**RECORDS SUPPLIED**
^^^^^^^^^^^^^^^^

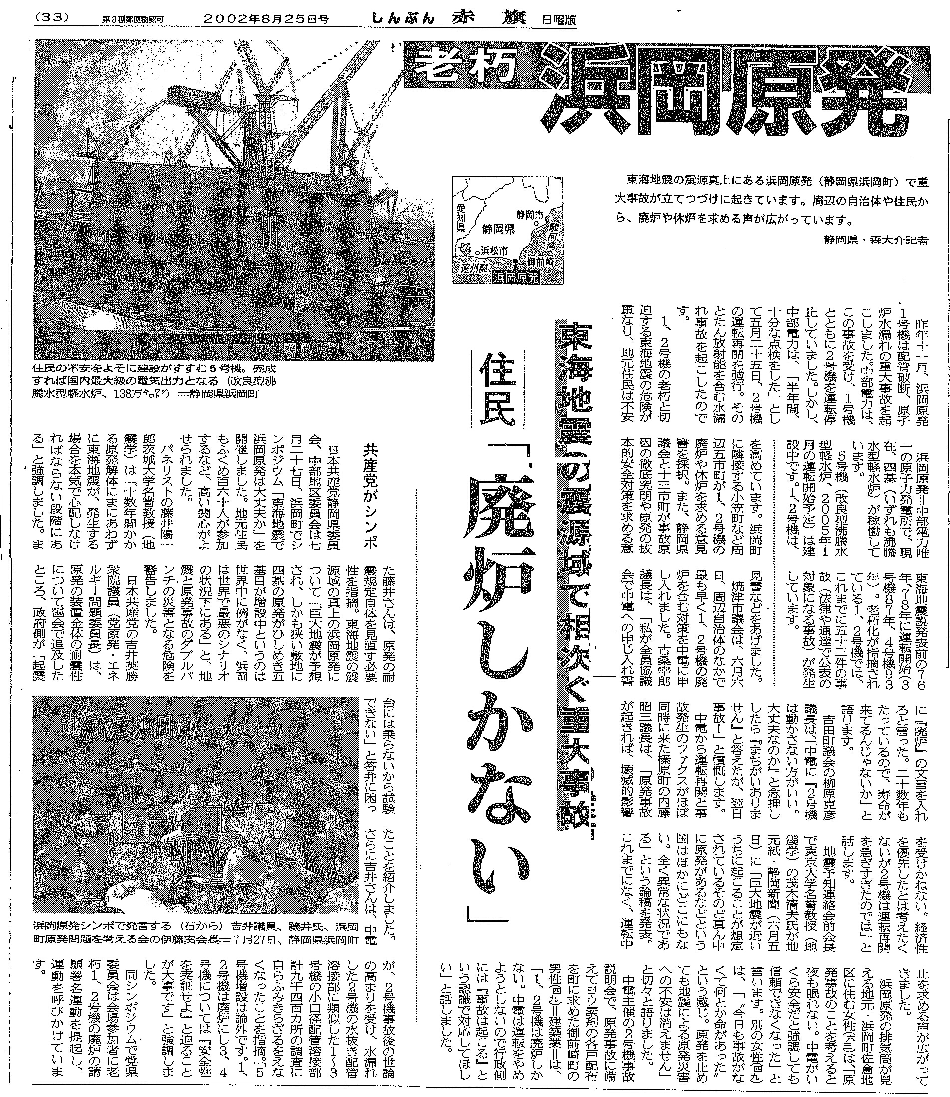 [2002_08_25_01]老朽 浜岡原発 東海地震の震源域で相次ぐ重大事故 住民「廃炉しかない」(赤旗2002年8月25日)
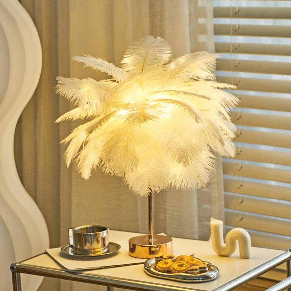 Loftus Art Deco Gold USB Charging Desk Lamp Portable with White Feather & Dimmable Feature
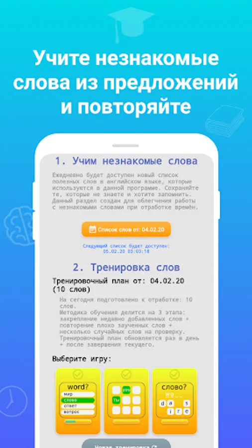 The quality of teaching words is controlled by an artificial intelligence system. Everything that the teacher can forget or not make out, nothing will be hidden from the gaze of the machine. It will draw the smallest gaps from the further depths of your knowledge: a system of interval repetitions, the identification of forgotten words, a cycle of residual knowledge.
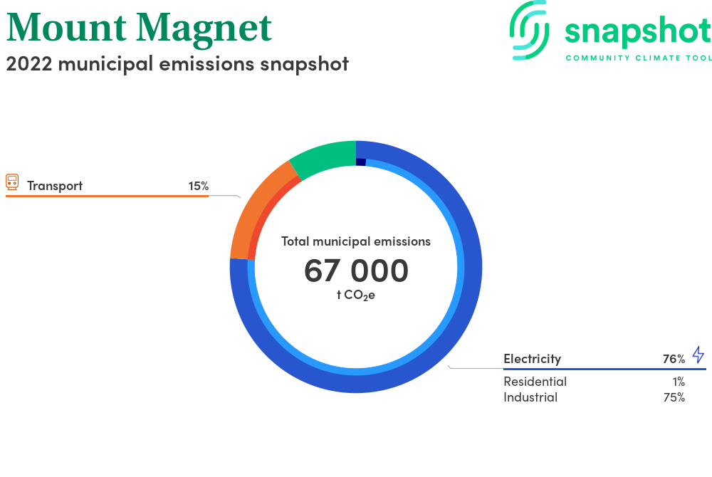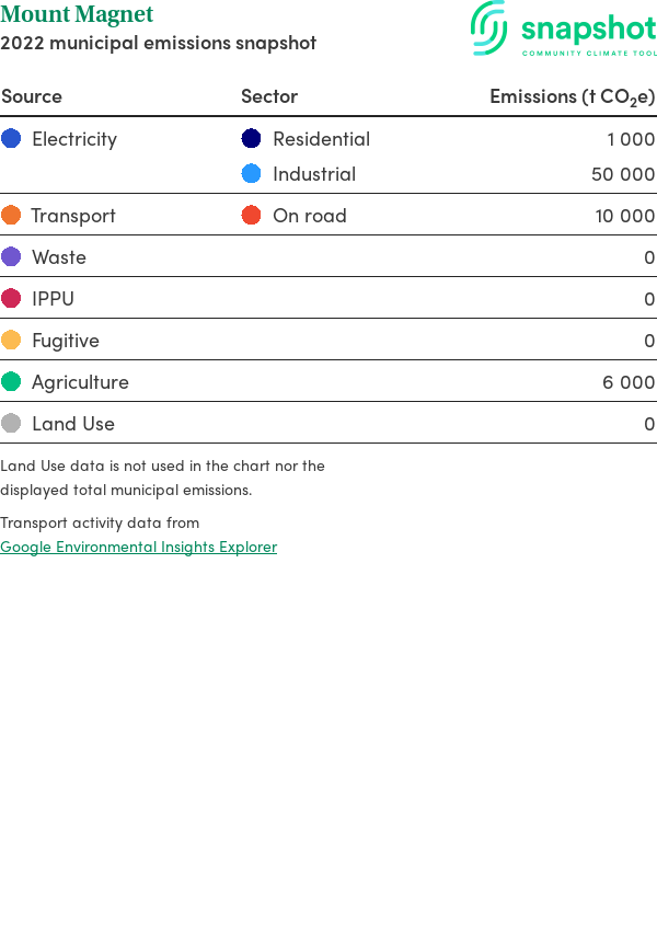 Mount Magnet is a rural municipality that is large in geographical area relative to the state average and has a very low urban density. Its major emissions source is electricity consumption with the majority of this coming from industrial electricity consumption.
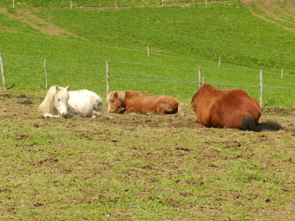 | Dire merci | Pour le reste tout le monde va bien. L'herbe commence enfin a pousser. J'aurais pu les mettre dans un pré vert ce week-end mais il est tombé des seaux d'eau et ils en annoncent encore alors en attendant tout le monde est encore au foin... J'ai juste pu leur faire goûter 1/2 heure jeudi cette belle herbe Alors la dur vie pour mes trois alias la naine, la grosse (ou la vieille ça dépend des jours) et la grande : ça mange du foin ![]() Ca goûte à la belle herbe avec les poils de la vieille que j'ai brossé pendant ce temps (ce sont les petits oiseaux qui sont contents pour faire leur nid avec tout ça )![]() Et ça dors : |
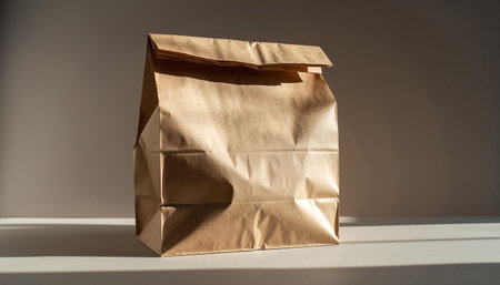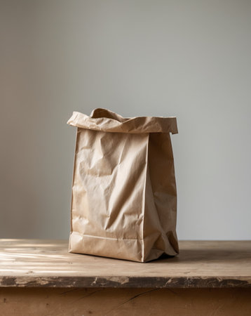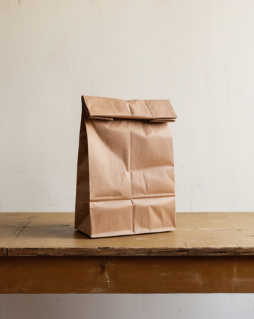 AI Generated. A brown paper bag sits on a wooden table
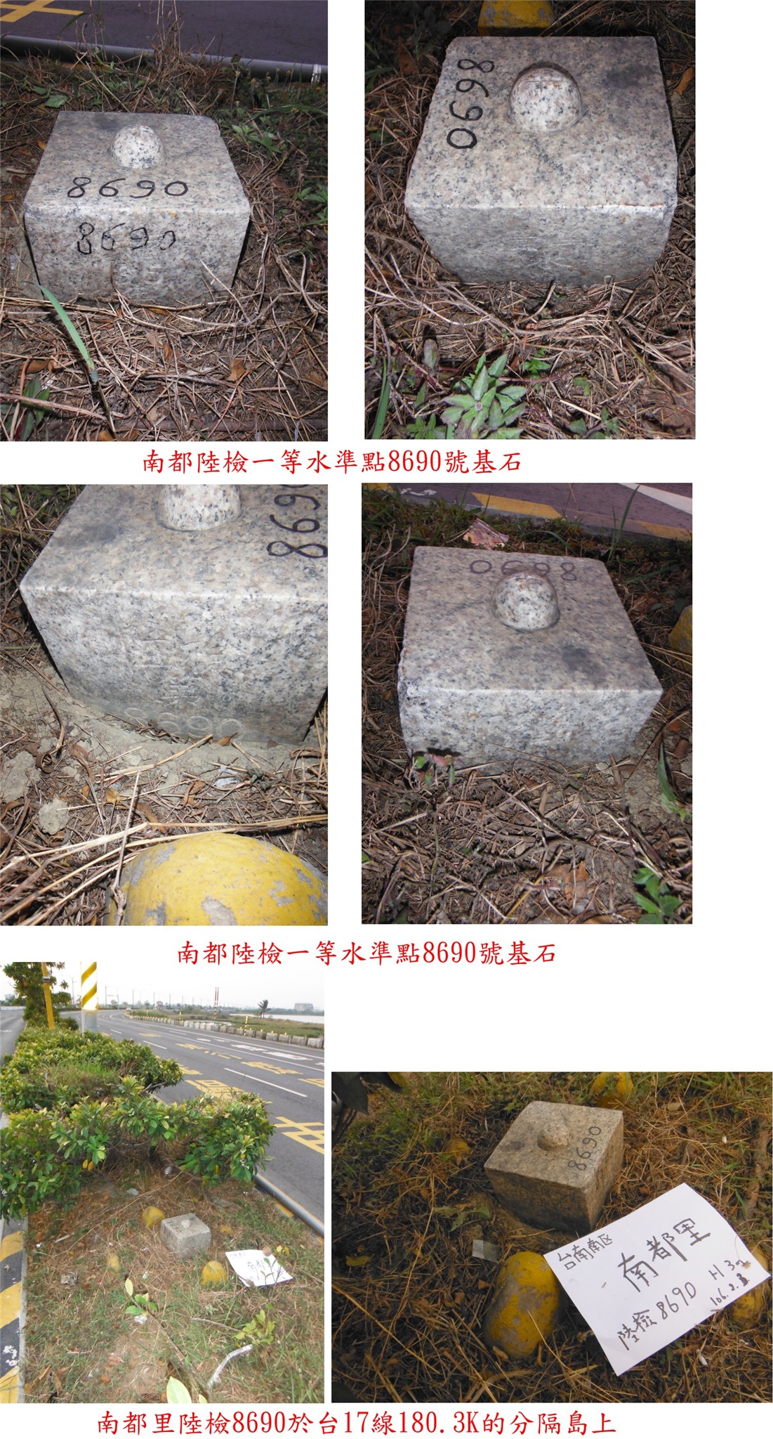 南都里的陸檢8690號水準點於台17線180.3K十字路口的分隔島上,也就是在超商左前方的安全島上,此點聯勤測量隊立於民國85年。
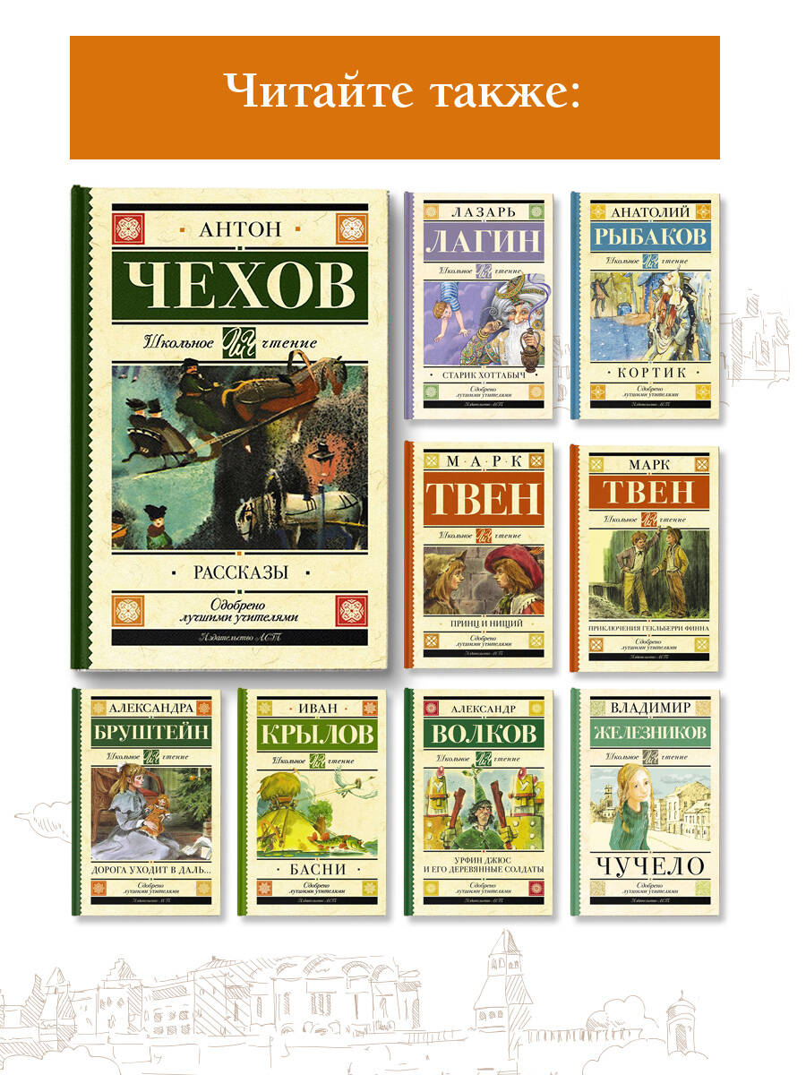В книгу вошли самые известные рассказы А.П. Чехова: «Каштанка», «Хамелеон», «Ванька», «Человек в футляре», «Палата № 6», «Дама с собачкой» и другие, изучение которых предусмотрено школьной программой. Рассказы Чехова коротки, но за видимой простотой в них скрыты глубина смысла и сложность художественного построения. Лаконичность, потрясающий юмор, ирония и богатое содержание делают их уникальными и не имеющими аналогов в мировой литературе. Максим Горький писал: «Никто не понимал так ясно и тонко, как Антон Чехов, трагизм мелочей жизни, никто до него не умел так беспощадно правдиво нарисовать людям позорную и тоскливую картину их жизни в тусклом хаосе мещанской обыденщины».| Издательство | ИЗДАТЕЛЬСТВО "АСТ" |
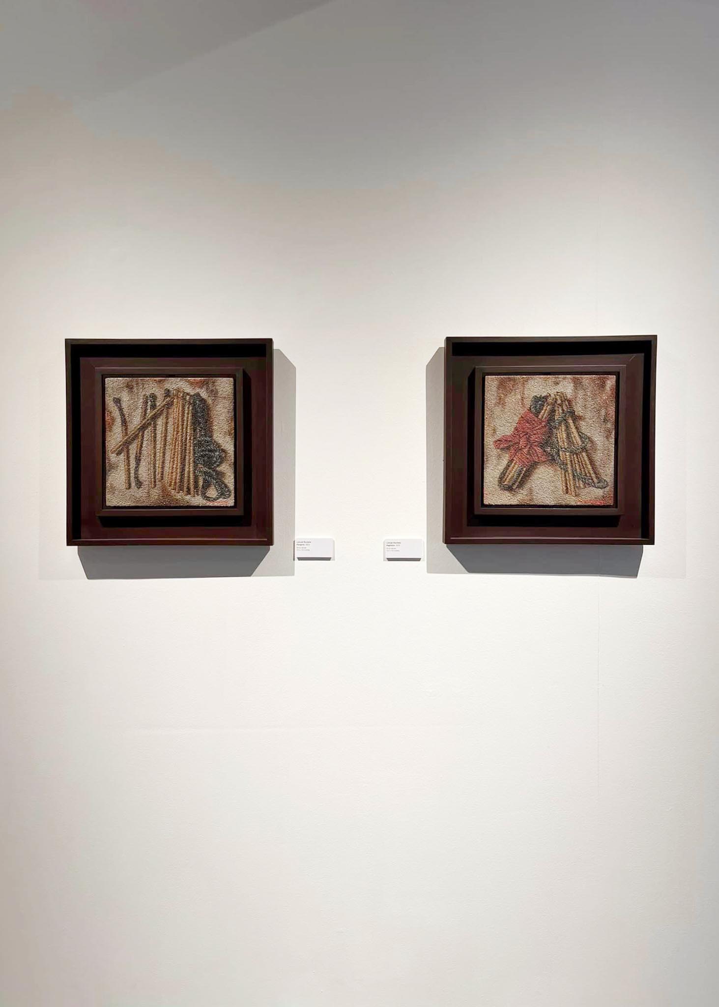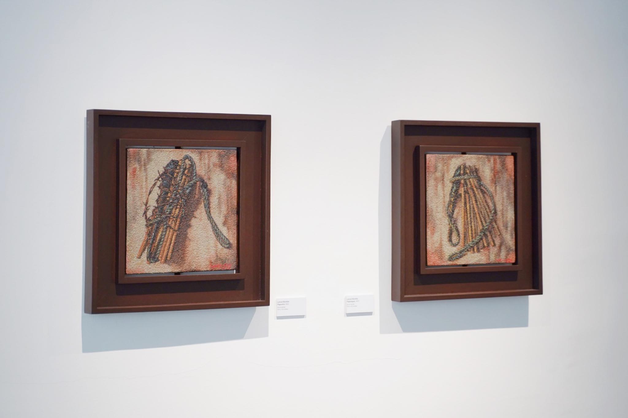 For his works titled “Paghilon,” “Pagtanggap,” “Pagsubok,” and “Pangaral,” the expended matchsticks are depicted as implements of flagellation, underscoring how seemingly volatile the sacrifices of the less fortunate can be. This concept of penance becomes a thought-provoking element of the exhibit, suggesting that, at times, devotion necessitates individuals to offer up their lives for a grander purpose, specifically, creating a domestic haven.
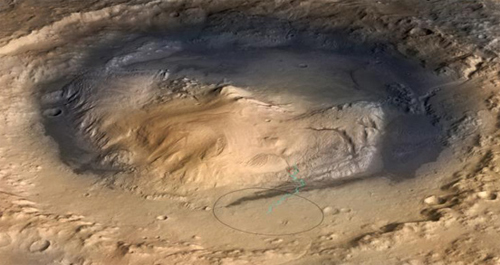 Luchtfoto van NASA ruimtevaartuig van de Gale krater op mars. In de cirkel ligt het landingsgebied van de Curiosity rover
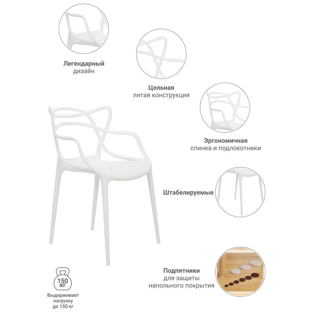 "Стул Masters - одно из самых удивительных и привлекательных решений дизайна пластиковых стульев. Уникальное сочетание тонких линий элементов спинки, подлокотников и ножек, предоставляет возможность универсального решения для жилых помещений, современных офисных пространств, баров, кафе, ресторанов и отелей. Варианты матовых отделок и металлизированного эффекта пластика расширяют возможность реализаций со стульями Masters в разных по стилю и дизайну помещениях."
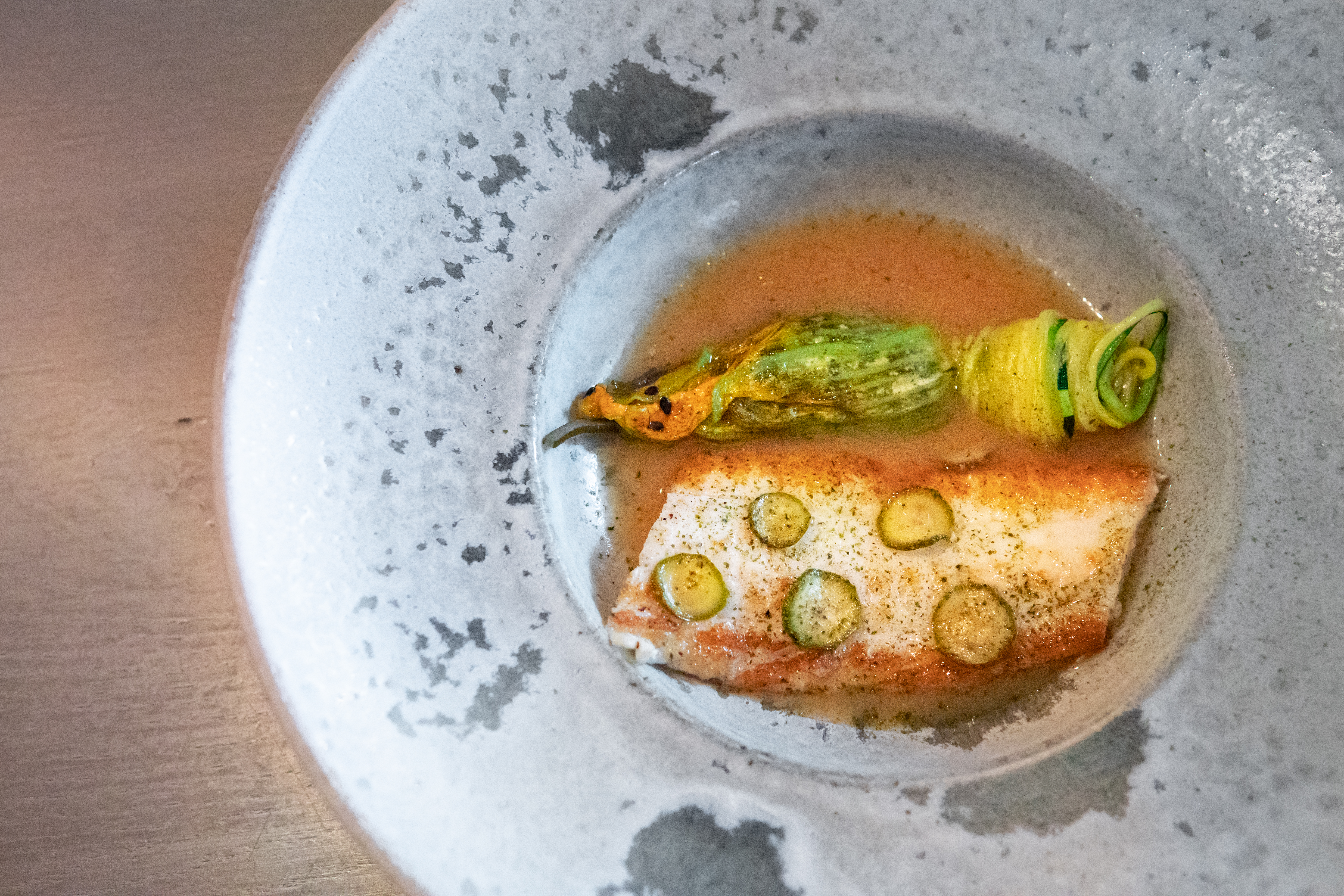 Dan de schol met plakjes gepekelde courgette. Eromheen bouillon van de vis en een courgettebloem gevuld met zeewier. De bouillon smaakt bijna dashi-achtig, heel lekker, en dan hebben we ook nog ergens een hint van mosterd die als een scherp mes door de rijke, zilte smaken van de vis en de bouillon heen snijdt. Het geheel gaat prachtig samen met de Assyrtiko uit 2016: een zilte, Griekse wijn uit Santorini die erbij wordt geschonken.

^^^^^^^^^^^^^^^^

**WHAT YOU NEED TO DO**
Reproduce the final stretch of lines exactly: the line containing "Masters - одно" through the last line of the data, both included. Pictures do not belong in the copy.

**ANSWER TO THE EXERCISE**
 "Стул Masters - одно из самых удивительных и привлекательных решений дизайна пластиковых стульев. Уникальное сочетание тонких линий элементов спинки, подлокотников и ножек, предоставляет возможность универсального решения для жилых помещений, современных офисных пространств, баров, кафе, ресторанов и отелей. Варианты матовых отделок и металлизированного эффекта пластика расширяют возможность реализаций со стульями Masters в разных по стилю и дизайну помещениях."
 Dan de schol met plakjes gepekelde courgette. Eromheen bouillon van de vis en een courgettebloem gevuld met zeewier. De bouillon smaakt bijna dashi-achtig, heel lekker, en dan hebben we ook nog ergens een hint van mosterd die als een scherp mes door de rijke, zilte smaken van de vis en de bouillon heen snijdt. Het geheel gaat prachtig samen met de Assyrtiko uit 2016: een zilte, Griekse wijn uit Santorini die erbij wordt geschonken.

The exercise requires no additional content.